A method of acoustic leak detection includes the construction of a noise power or amplitude signature. This may include the separation of the leak noise into a plurality of frequency range bands, and analysis to determine the scale of leak.

Description

DETECTING LEAKS IN WATER DISTRIBUTION SYSTEMS Field of the Invention This invention relates to the detection of leaks in water distribution systems.
Leaks in water distribution pipework generally emit acoustic noise. This phenomenon can be exploited in equipment for detecting leaks in buried pipes. Examples of such equipment range from simple listening sticks to sophisticated acoustic loggers and leak noise correlators. One method of detecting leaks acoustically is described in Patent Application No. WO 98/50771.
Although it is sometimes possible to locate leaks accurately, it is difficult to discriminate between large leaks and small leaks. Indeed, the loudest noises tend to be generated by the smallest holes, which may not warrant the expense of excavation and repair.
The problem of leak detection is further compounded by the following factors, as mentioned in our co-pending Application No.
0021358.7, to which reference should be made :- a) the pipework construction and materials affect the way in which acoustic noise is propagated-for example, noise in plastic pipes will sound quieter than the same noise in steel pipes, b) ambient noise, such as traffic noise, can obscure leak noise, and c) internal operation noise, such as that generated by customers drawing off leak noise, can obscure leak noise.
Co-pending Application No. 0021358.7 is thus concerned with the provision of an improved method and means for the detection of leaks which are such that an assessment of the likely size of a leak can be obtained.
The method described in said co-pending application includes dividing a multi-dimensional symptom space into a plurality of regions, carrying out a plurality of measurements which define a point in the symptom space and determining the relationship of this point to the diagnostic regions.
It is an object of the present invention to provide improvements in or modifications of the invention described in said co-pending Application No. 0021358.7.
Summary of the Invention According to a first aspect of the present invention there is provided a method of leak detection which includes the construction of a noise power or amplitude signature.
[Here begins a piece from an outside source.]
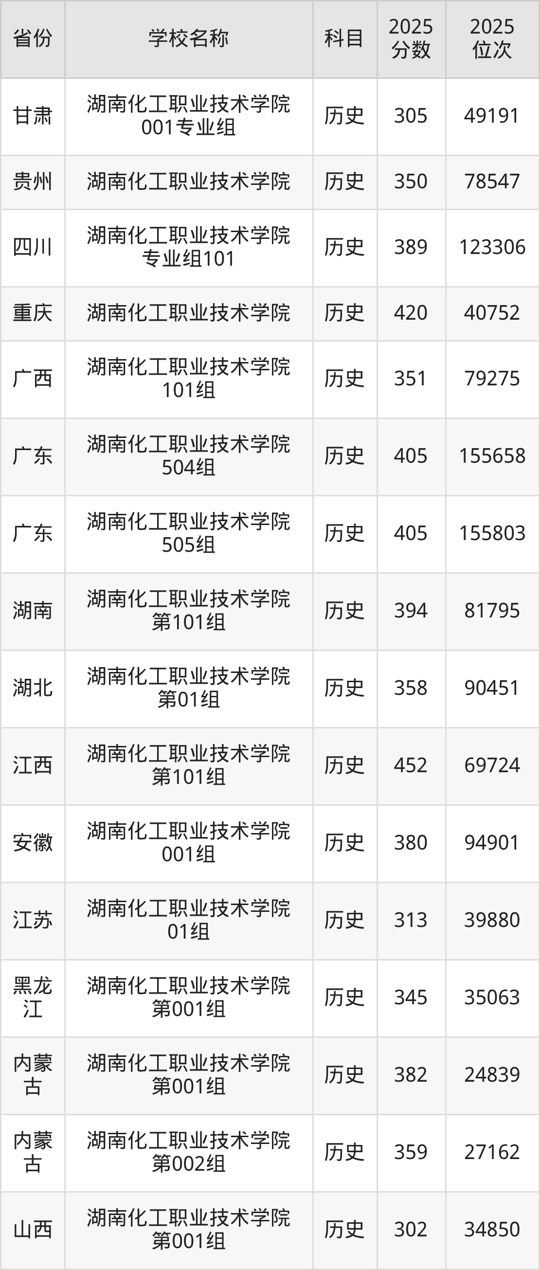 湖南化工职业技术学院2025年有1个专业组面向湖南省内首选了历史科目的考生招生:

According to a second aspect of the present invention there is provided a means for detecting leaks which includes means for the construction of a noise power or amplitude signature.
A preferred method of construction and interpretation of the noise power or amplitude signature is described herein and includes the separation of the leak noise into a plurality of frequency range bands.
Brief Description of the Drawings Figure 1 shows the theoretical results of carrying out a leak noise correlation, Figure 2 shows a probable real life result of carrying out a leak noise correlation, Figure 3 shows the effects of applying correction factors to the graph of Figure 2, Figure 4 shows the separation of the noise emanating from a leak into three frequency bands, Figure 5 shows the results of correlation for one of said frequency bands, Figure 6 shows the results of correlation for all three frequency bands, Figure 7 shows a simple example of a neural network with four input conditions, Figure 8 shows an example of an artificial neuron evaluating a decision based on three input conditions, an Figure 9 shows how a typical input may be pre-classified.
Description of the Preferred Embodiment Patent Application No. 0021358.7, to which reference should be made, relates to the detection of leaks in water distribution networks and one area which it covers concerns leak sizing using statistical interpretation of acoustic noise signals in conjunction with external factors, such as pipe materials, pipe diameters, depths, etc. It refers to the use of leak noise correlators, which are instruments used to locate leaks precisely over short pipe sections, e. g. sections having a length of from 50 to 100 metres.
Application No. 0021358.7 also refers to how discrimination between leak noise and operational noise may be accomplished on acoustic loggers. It mentions splitting broad, all-encompassing frequency bands into narrower ones and carrying out a variety of noise measurements in each of these bands.
With leak noise correlators, current practice includes the use of two synchronised broad band signals, each being detected either side of the leak and these being appropriately filtered and crosscorrelated. The aim is to locate the position of the leak precisely.
Suppose there is a leak at a point in a buried pipe. One accelerometer or hydrophone is attached to the pipe (or a hydrophone inserted in it) at the nearest practical point to the suspected leak position. A second accelerometer or hydrophone is similarly placed on or in the pipe, but on the opposite side of the leak. The sensors will record random acoustic noise travelling up and down the pipeline from the leak and other unrelated sources. The correlator records the acoustic noise picked up simultaneously by both sensors. It carries out a cross correlation to determine the difference in arrival time T of the leak noise pattern at each sensor (see Figure 1). Knowing T and estimating or measuring the velocity of acoustic signals in the pipe enables an estimate to be obtained of the distance from one leak sensor to the leak.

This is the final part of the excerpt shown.